What you are asked to do: Copy out the full listing below as it stands, with its pictures left behind.

Data section:
◆ ◆ ◆ ◆ ◆ ◆ ◆
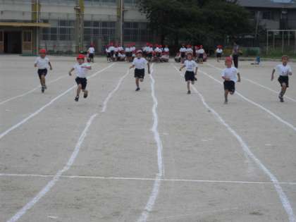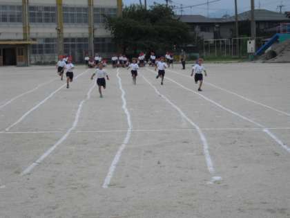 ゴールまで力を抜かず一気に走りぬけるのは大人でもなかなか難しいですが,皆ありったけの力を出そうと頑張りました。真剣な表情から一転,走り終わった後は,とても眩しい笑顔を浮かべていました。
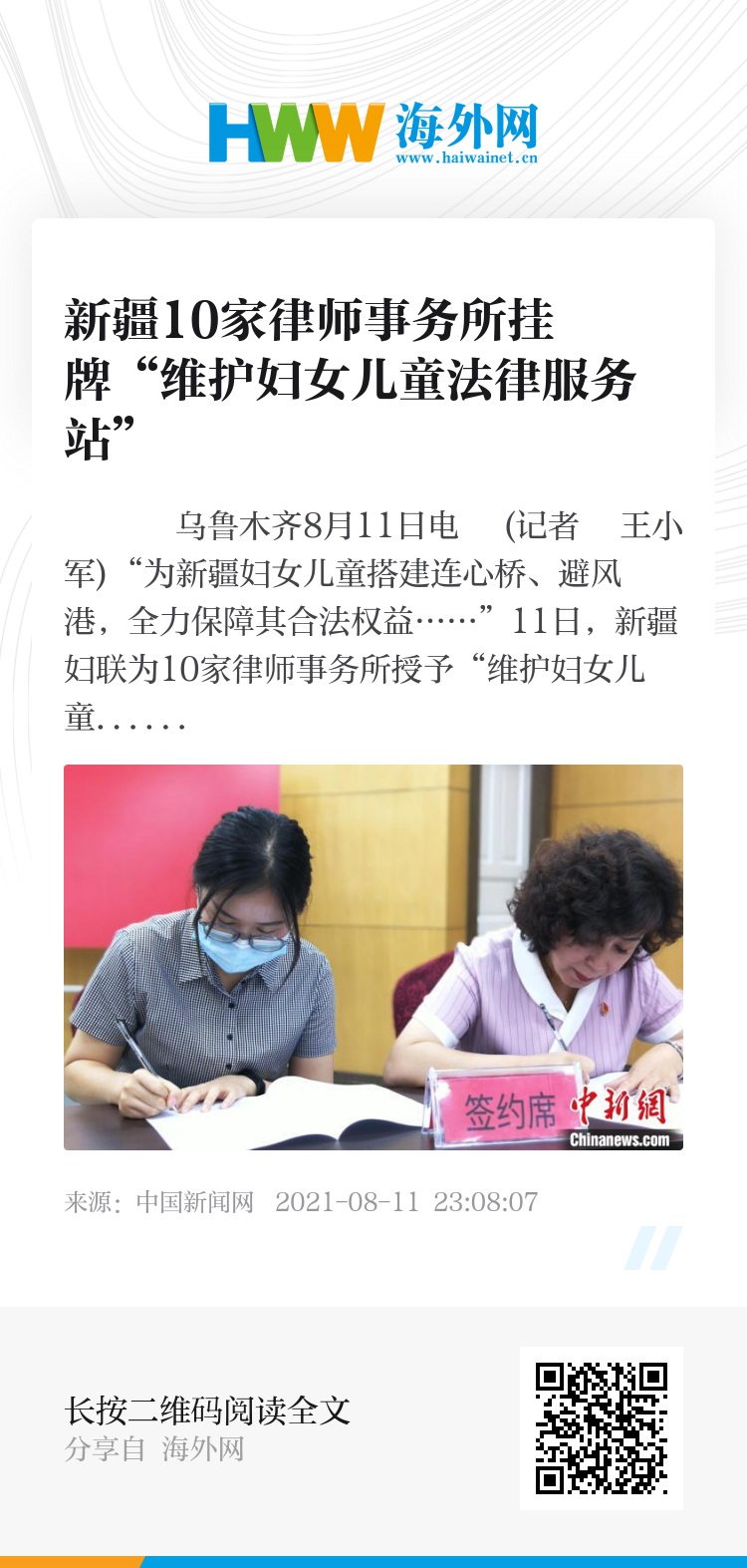 中新网乌鲁木齐8月11日电 (记者 王小军)“为新疆妇女儿童搭建连心桥、避风港,全力保障其合法权益……”11日,新疆妇联为10家律师事务所授予“维护妇女儿童法律服务站”牌子。
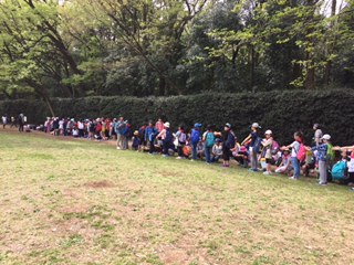 東高根森林公園で、オリエンテーリングの後、楽しいお弁当を食べています。天気も曇りなのでちょうど良い感じです。
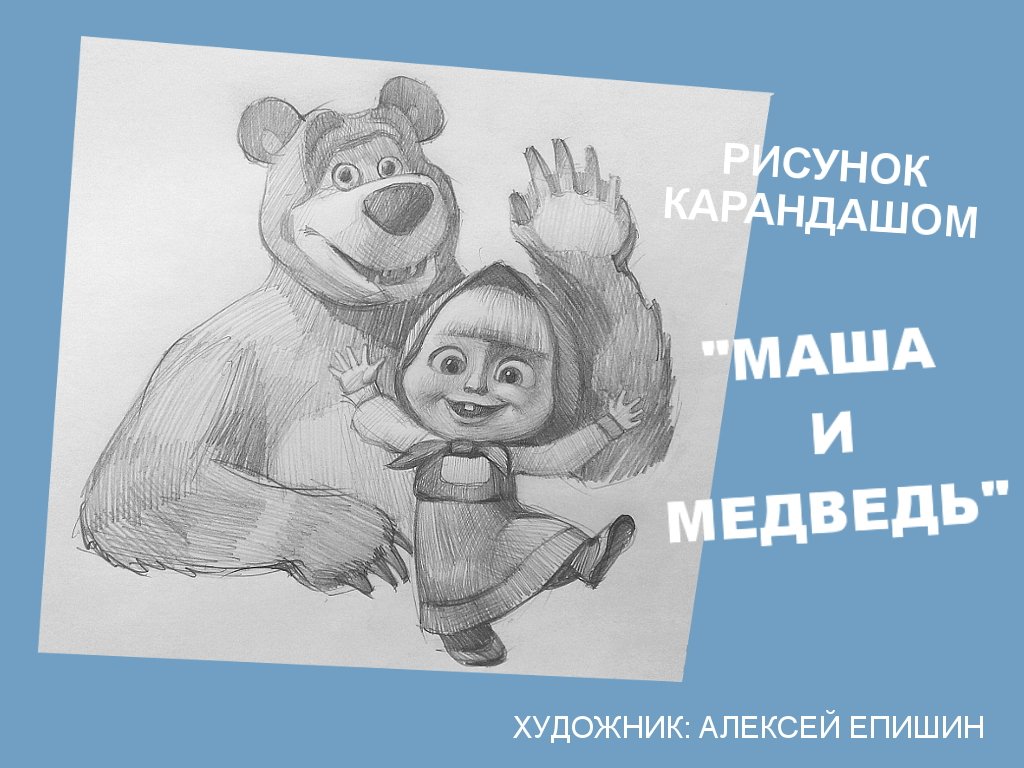 ![Рисунки Маши и медведя для рисования карандашом]()
◆ ◆ ◆ ◆ ◆ ◆ ◆
Response to this exercise:
 ゴールまで力を抜かず一気に走りぬけるのは大人でもなかなか難しいですが,皆ありったけの力を出そうと頑張りました。真剣な表情から一転,走り終わった後は,とても眩しい笑顔を浮かべていました。
 中新网乌鲁木齐8月11日电 (记者 王小军)“为新疆妇女儿童搭建连心桥、避风港,全力保障其合法权益……”11日,新疆妇联为10家律师事务所授予“维护妇女儿童法律服务站”牌子。
 東高根森林公園で、オリエンテーリングの後、楽しいお弁当を食べています。天気も曇りなのでちょうど良い感じです。
 ![Рисунки Маши и медведя для рисования карандашом]()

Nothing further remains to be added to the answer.